PMI manufaktur bulan Agustus tersebut merupakan yang tertinggi sejak Januari 2019.

Selain data manufaktur, pasar tenaga kerja AS juga membaik. Departemen Tenaga Kerja AS Jumat lalu melaporkan sepanjang bulan Agustus perekonomian AS mampu menyerap 1,371 juta tenaga kerja, dengan tingkat pengangguran turun menjadi 8,4% dari sebelumnya 10,2%. Rata-rata upah per jam juga naik 0,4%.

Ekspansi sektor manufaktur yang meningkat dan membaiknya pasar tenaga kerja memunculkan harapan perekonomian AS bisa segera bangkit dari kemerosotan tajam.

Meski demikian, hasil survei Reuters tetap menunjukkan dolar AS akan melemah hingga tahun depan, sebabnya yakni kebijakan ultra longgar bank sentral AS (Federal Reserve/The Fed).

Hal dikonfirmasi oleh ketua The Fed Jerome Powell, yang mengingatkan tantangan ke depan masih berat, dan kebijakan ultra longgar masih akan diterapkan dalam waktu yang cukup lama.

"Kami berpandangan bahwa situasi akan lebih sulit, terutama ada beberapa area di perekonomian yang masih sangat terdampak pandemi virus corona (Coronavirus Disease-2019/Covid-19) seperti pariwisata dan hiburan. Ekonomi masih membutuhkan suku bunga rendah, yang mendukung perbaikan aktivitas ekonomi, sampai beberapa waktu. Mungkin dalam hitungan tahun. Selama apa pun itu, kami akan tetap ada," papar Powell dalam wawancara dengan National Public Radio, sebagaimana dikutip dari Reuters.

Powell menambahkan, The Fed tidak akan menarik kebijakan ultra longgar. Tidak cuma suku bunga, juga berbagai fasilitas pemberian likuiditas ke pasar keuangan maupun sektor riil.

"Kami tidak akan menarik dukungan terhadap perekonomian secara prematur. Kami akan terus melakukan apa pun yang kami bisa," lanjutnya.

Isu dari dalam negeri mengenai rencana perubahan undang-undang Bank Indonesia serta kebijakan "burden sharing" membuat rupiah tertekan pada pekan lalu, tetapi Menteri Keuangan Sri Mulyani Indrawati berupaya menjernihkan situasi.
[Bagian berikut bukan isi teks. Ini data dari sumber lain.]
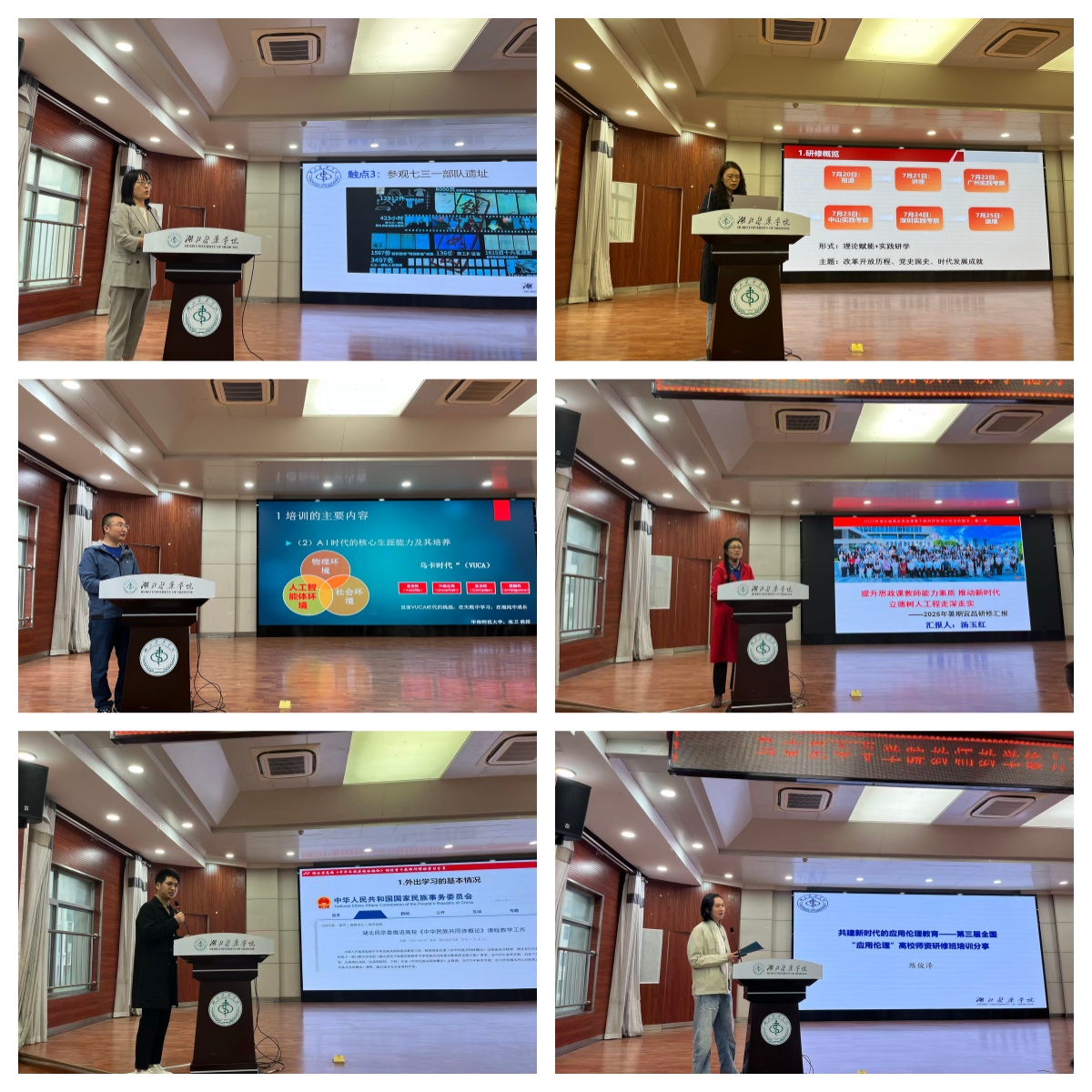 会上,参加暑期外出培训的6位教师依次展开分享,马菊华老师通过《中华医学会医学伦理学分会 2025年学术年会暨中青年学术会议巡览》,将医学伦理学与思政教育在价值引领、道德培育方面相结合进行阐述;高志婕老师以《感悟改革开放伟力,赋能思政课程建设—2025年暑期实践研修汇报》为题交流了研修心得;柴晓运老师结合当下人工智能正深刻改变教育生态,围绕如何借助 ai 赋能教与学,给现场教师带来深刻思考;汤玉红老师分享了《提升思政课教师能力素质推动新时代 立德树人工程走深走实2025年暑期宜昌研修汇报》;李成隆老师带来暑期《中华民族共同体概论》课程培训的学习经验;陈俊泽老师从《共建新时代的应用伦理教育—第三届全国“应用伦理”高校师资研修班培训分享》,将应用伦理与社会现实紧密相连,对思政课增强针对性和实效性具有重要意义。

Melalui konferensi pers akhir pekan lalu, Sri Mulyani menegaskan bahwa pemerintah belum membahas amandemen UU BI yang merupakan inisiatif Dewan Perwakilan Rakyat (DPR).

"Beberapa hari terakhir banyak disampaikan revisi UU BI yang merupakan inisiatif DPR. Dapat dijelaskan bahwa sampai hari ini pemerintah belum membahas RUU inisiatif DPR tersebut. Penjelasan Bapak Presiden adalah sangat jelas, bahwa kebijakan moneter harus tetap kredibel, efektif dan independen," tegas Sri Mulyani.
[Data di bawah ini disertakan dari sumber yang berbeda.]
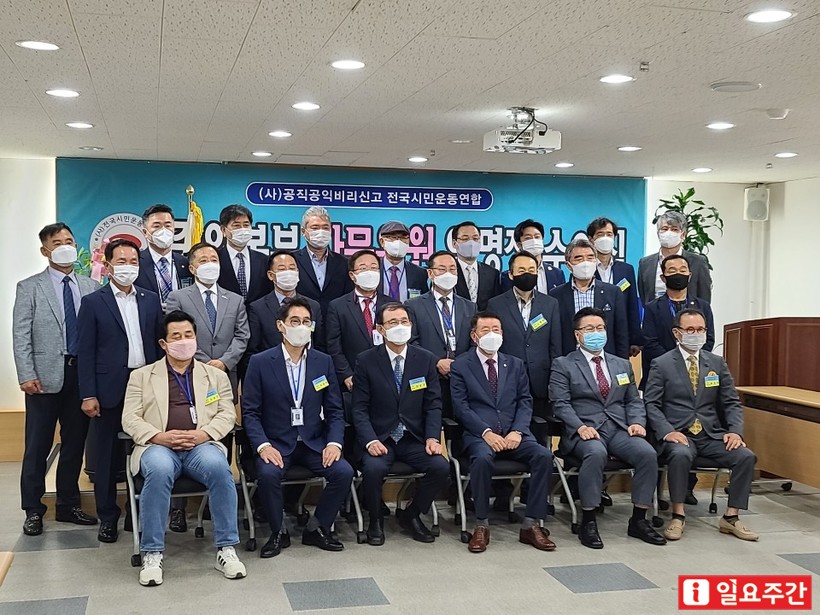 [일요주간 = 노가연 기자] (사)공직공익비리신고 전국시민운동연합(이하 공신연)은 22일 오전 11시 서울 서초구 대한주차산업협회 사무실에서 중앙본부 자문위원 임명장 수여식을 가졌다.

Sedangkan dalam hal burden sharing, Sri Mulyani menjelaskan ada dua jenis pembagian beban. Pertama adalah untuk pembiayaan anggaran bersifat pemenuhan kebutuhan rakyat (public goods) yang hanya berlaku tahun ini. One off, sekali pukul.

Namun ada jenis burden sharing berikutnya yaitu BI menjadi pembeli siaga (standby buyer) obligasi pemerintah di pasar perdana apabila pasar tidak bisa menyerap. Sesuai dengan UU No 2/2020, ini dilakukan hingga 2022.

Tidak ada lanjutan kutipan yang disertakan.